→ Records shown
◇ ◇ ◇ ◇

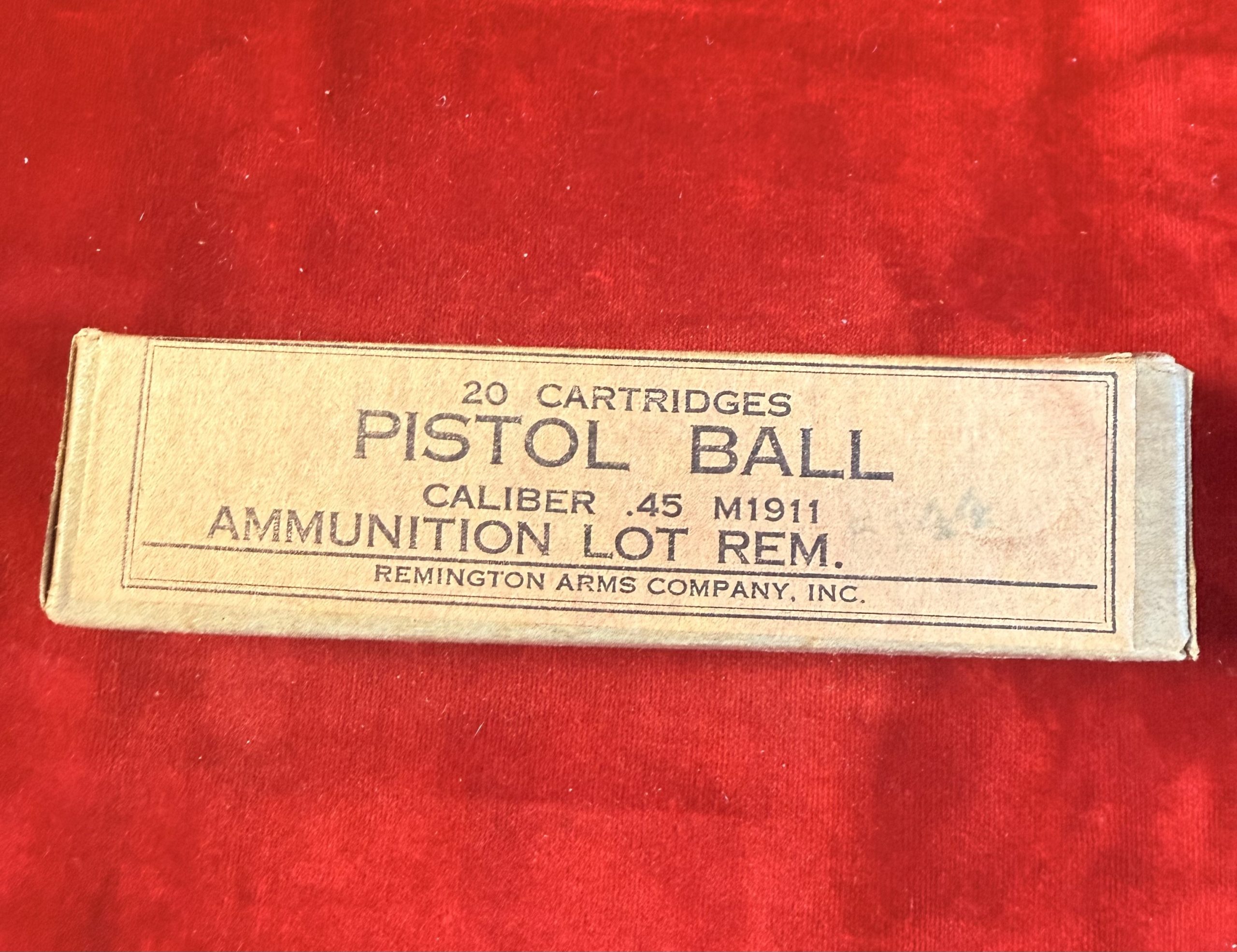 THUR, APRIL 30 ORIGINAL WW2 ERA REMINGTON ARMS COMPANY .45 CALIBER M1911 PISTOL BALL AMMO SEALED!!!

◇ ◇ ◇ ◇

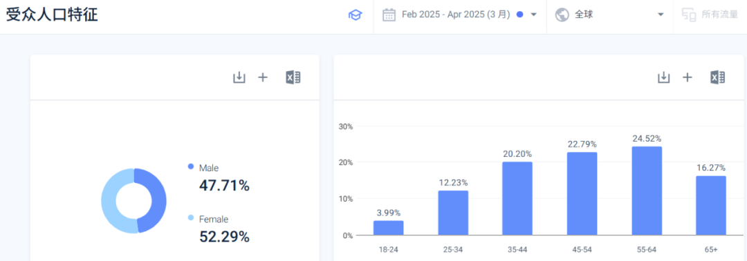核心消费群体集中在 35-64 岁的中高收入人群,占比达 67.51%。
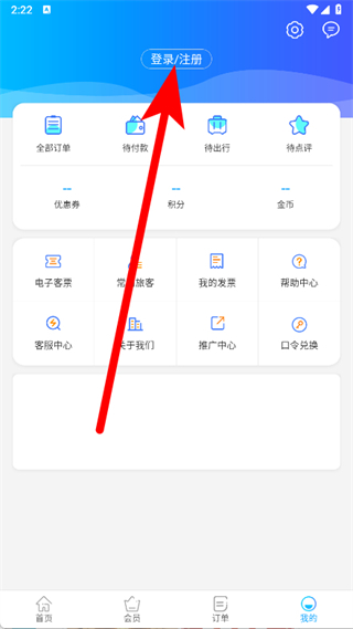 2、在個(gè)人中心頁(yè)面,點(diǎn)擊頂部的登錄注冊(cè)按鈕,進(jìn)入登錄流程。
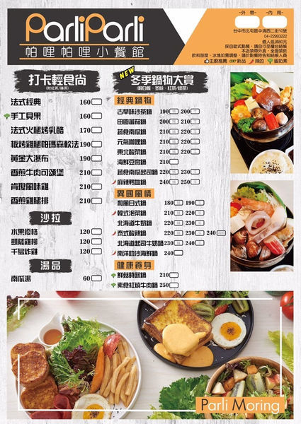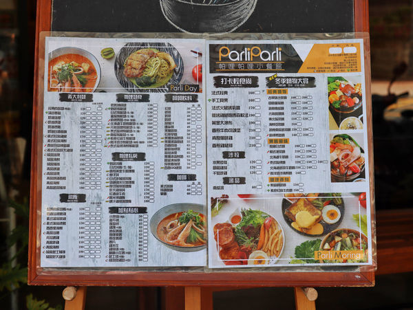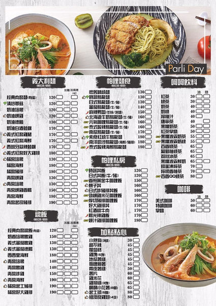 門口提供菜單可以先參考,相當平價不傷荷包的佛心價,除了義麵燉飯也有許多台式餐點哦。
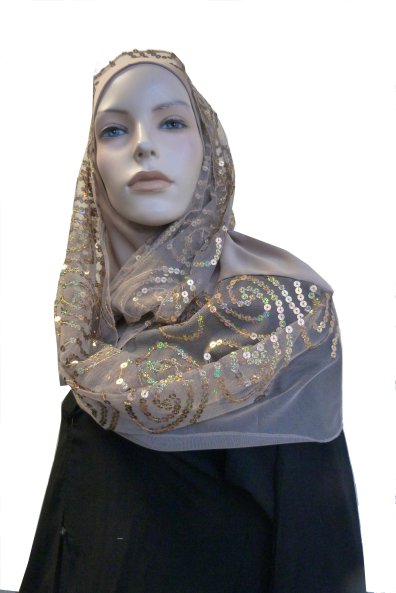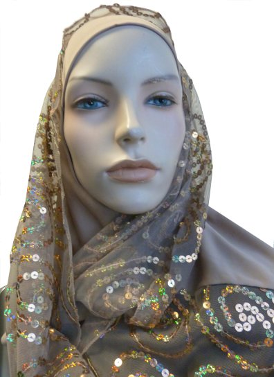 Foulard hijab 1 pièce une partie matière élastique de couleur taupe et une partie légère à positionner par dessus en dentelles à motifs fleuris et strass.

◇ ◇ ◇ ◇

→ Your goal
Transcribe, word for word, the lines of the listing above from the one that contains "2、在個(gè)人中心頁(y" through the one that contains "Foulard hijab 1", keeping both ends and dropping the pictures.

→ The answer
 2、在個(gè)人中心頁(yè)面,點(diǎn)擊頂部的登錄注冊(cè)按鈕,進(jìn)入登錄流程。
 門口提供菜單可以先參考,相當平價不傷荷包的佛心價,除了義麵燉飯也有許多台式餐點哦。
 Foulard hijab 1 pièce une partie matière élastique de couleur taupe et une partie légère à positionner par dessus en dentelles à motifs fleuris et strass.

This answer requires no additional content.